**Exercise description**. Leave every picture out and return the rest of the listing verbatim.

**The data**.
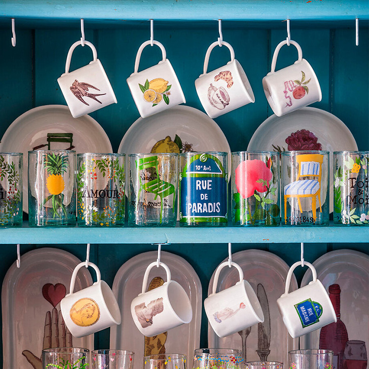 The illustrations are applied in Marin Montagut's workshops in Paris, and each piece is fired on site.
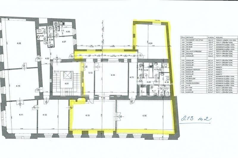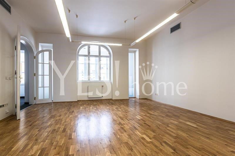 Representative, new renovated, unfurnished office space, 213 sqm, 3rd floor with elevator in well maintained Art Nouveau building with reception and security next Václavské náměstí, Politických vězňů street, Praha 1 - Nové Město. The space entrance hall, 4 separate rooms, kitchen and 3 toilets. Parquet floors combined with tiles. High-speed internet, optical cable from Praha1.net distributed to all offices + O2 antenna with a substation in the house. Reception service 8:00h-20:00h. Perfect location, next the house is metro st. Muzeum, line A,C or metro st. Můstek, line A,B, tram. st. Václavské náměstí. Bills 12 000 CZK incl. energy (electricity, heating, hot and cold water (each unit has own measuring device), cleaning and electricity in common areas, elevator, garbage, security system). Possibility of parking in the courtyard for extra fee 4 000 CZK. Refundable deposit 2 monthly rents. Available immediately. Prestigious address for your business for attractive price. I recommend!
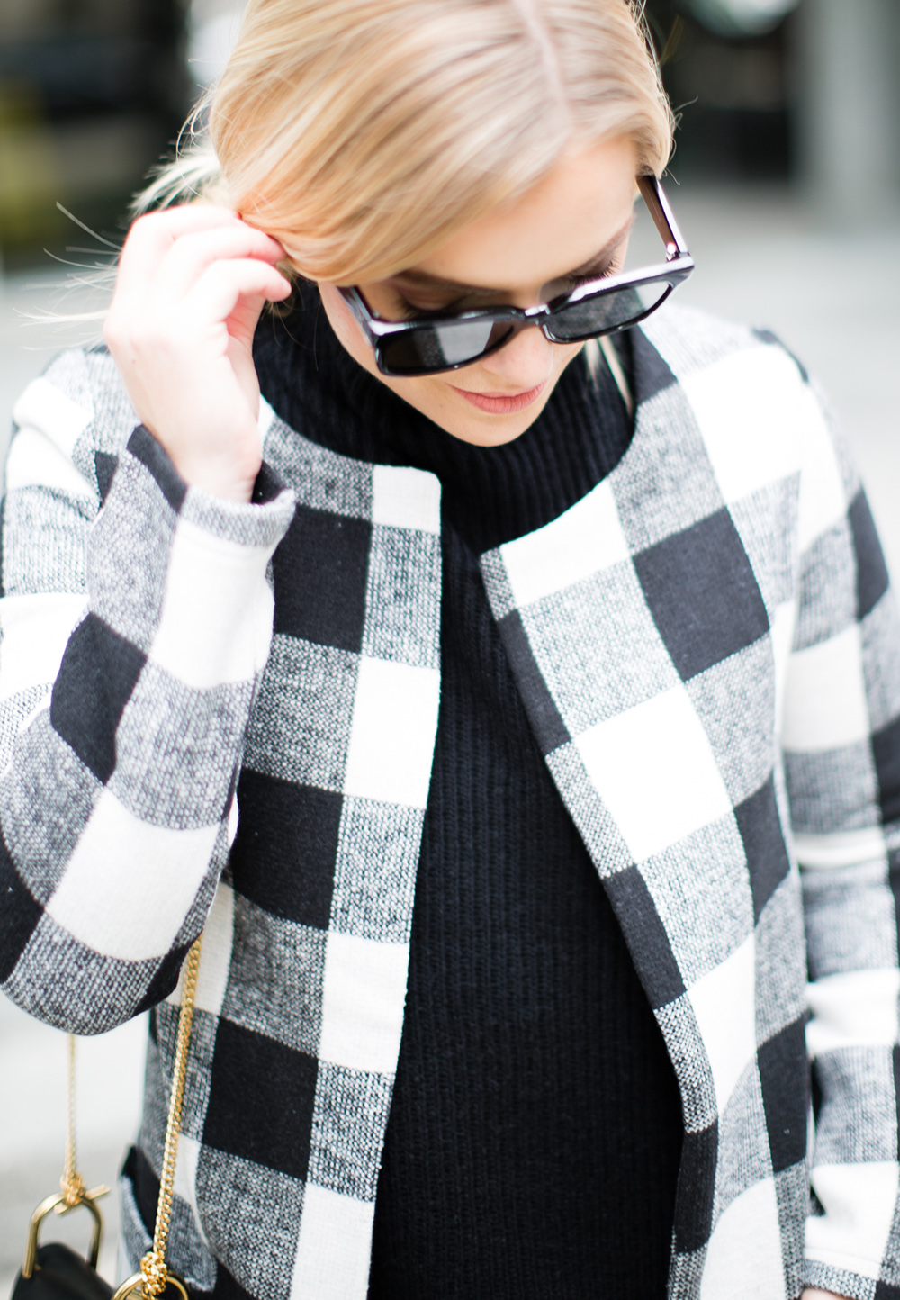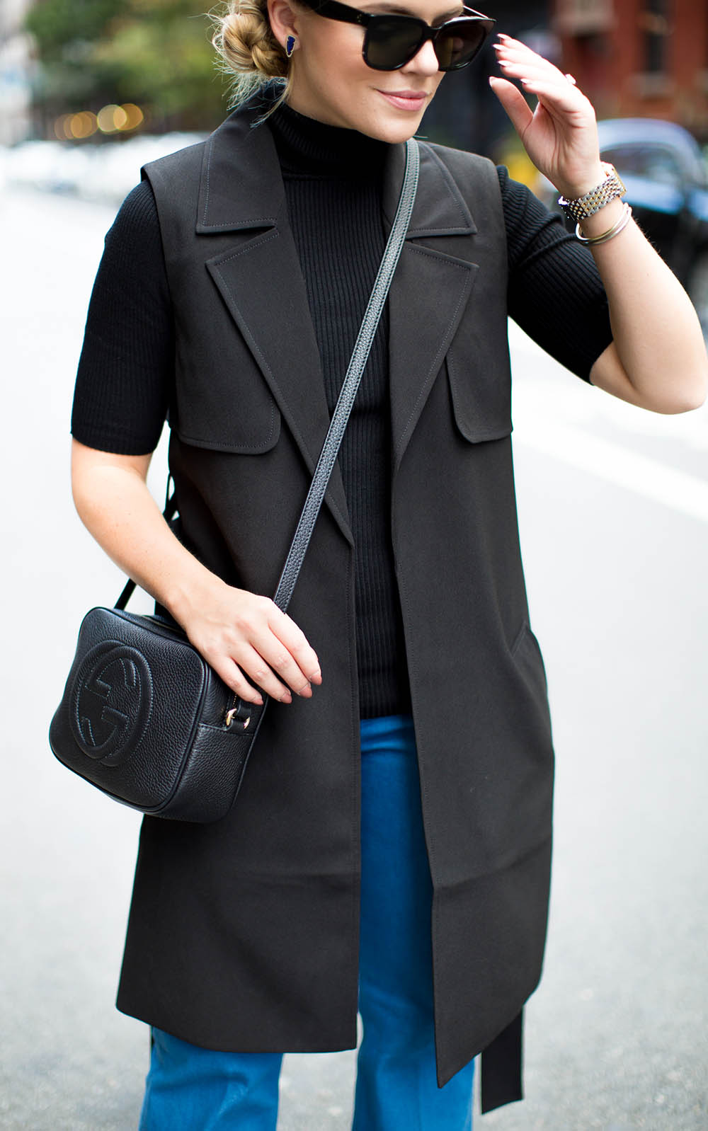My personal favorite – the sleeveless duster. I seriously can’t get enough of them! This black, tailored option with the turtleneck elevated the entire ensemble. It’s not overly complicated when you break down the look piece-by-piece, but put together there’s something ultra chic happening here. The same could be said if you were wearing a pencil skirt, skinny jeans, or even leather leggings on bottom.

**Written solution**.
 The illustrations are applied in Marin Montagut's workshops in Paris, and each piece is fired on site.
 Representative, new renovated, unfurnished office space, 213 sqm, 3rd floor with elevator in well maintained Art Nouveau building with reception and security next Václavské náměstí, Politických vězňů street, Praha 1 - Nové Město. The space entrance hall, 4 separate rooms, kitchen and 3 toilets. Parquet floors combined with tiles. High-speed internet, optical cable from Praha1.net distributed to all offices + O2 antenna with a substation in the house. Reception service 8:00h-20:00h. Perfect location, next the house is metro st. Muzeum, line A,C or metro st. Můstek, line A,B, tram. st. Václavské náměstí. Bills 12 000 CZK incl. energy (electricity, heating, hot and cold water (each unit has own measuring device), cleaning and electricity in common areas, elevator, garbage, security system). Possibility of parking in the courtyard for extra fee 4 000 CZK. Refundable deposit 2 monthly rents. Available immediately. Prestigious address for your business for attractive price. I recommend!
My personal favorite – the sleeveless duster. I seriously can’t get enough of them! This black, tailored option with the turtleneck elevated the entire ensemble. It’s not overly complicated when you break down the look piece-by-piece, but put together there’s something ultra chic happening here. The same could be said if you were wearing a pencil skirt, skinny jeans, or even leather leggings on bottom.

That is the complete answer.